Man darf sich keine falschen Vorstellungen machen: Die Ergebnisse des Südsudan-Friedensabkommens sind noch zu zerbrechlich, als dass wir sie als selbstverständlich ansehen dürfen. Es gibt noch sehr viele Herausforderungen, damit der Frieden unumkehrbar wird. Es gibt insgesamt sieben Aufgaben für die kommenden Tage und Monate: Erstens muss es im Süden Gespräche mit anderen Gruppen geben, die in Naivasha nicht teilgenommen haben. So kann sichergestellt werden, dass auch sie sich an die Friedensvereinbarung halten werden. Zweitens muss der Darfur-Konflikt schnell gelöst werden, andernfalls werden die Ergebnisse von Naivasha ernsthaft gefährdet. Drittens müssen auch die Konflikte im Osten und Norden des Landes angegangen werden. Die neue Regierung sollte eine nationale Konferenz einberufen, an der alle Seiten teilnehmen. Viertens müssen die sechs Millionen Vertriebenen und Flüchtlinge in ihre Heimat zurückkehren können. Fünftens müssen die Kämpfenden entwaffnet und in die Gesellschaft wieder eingegliedert werden. Ihnen muss dabei geholfen werden, sich wieder an ein ziviles Leben zu gewöhnen. Dafür benötigen sie Arbeitsplätze. Die Erfahrung zeigt, dass Programme zur Entwaffnung und Wiedereingliederung oft nicht erfolgreich sind und ehemalige Kämpfer sich nicht mehr integrieren lassen, wenn sie keine Chance erhalten, ihren Lebensunterhalt selbst zu bestreiten. Sechstens leidet die Bevölkerung weiter, weil überall im Sudan Minen vergraben sind. Hier muss rasch Abhilfe geschaffen werden, sonst können die Menschen nicht zurückkehren. Siebtens steigt durch die Aussicht auf Frieden der Anspruch auf Entwicklungshilfe. Diese Erwartung muss erfüllt werden. Geberländer müssen ihre Hilfe aufrechterhalten. Besonders wichtig ist eine nachhaltige Entwicklung, um den wichtigsten Grund für Konflikte - die Armut - bekämpfen zu können.

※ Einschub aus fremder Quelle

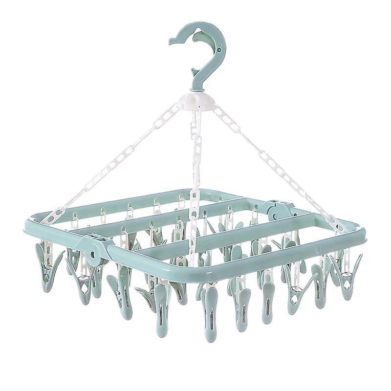 32 clips household folding adult windproof drying rack (green)

Die Vereinten Nationen sind bereit, schnell zu handeln, nachdem das Friedensabkommen jetzt unterzeichnet worden ist. Sie werden bald eine Unterstützungsmission im Land einrichten. Die Aufgabe ist gewaltig. Der Sicherheitsrat muss sein Vorgehen hinsichtlich der Situation im Sudan überdenken. Eine umfassende Strategie ist nötig, um die komplexe Situation im Sudan auf eine feste Grundlage zu stellen. Die politisch Verantwortlichen im Sudan müssen sich dieser Herausforderung stellen. Sie haben die Verantwortung, um die Erwartungen ihres Volkes zu erfüllen. Sie müssen zeigen, dass sie den Kampf um den Frieden gewinnen können, und sie müssen auch erkennen, dass noch ein langer Weg vor ihnen liegt, bevor ein endgültiger Erfolg erzielt wird.

Der Autor ist Sonderbeauftragter des UNO-Generalsekretärs für Sudan.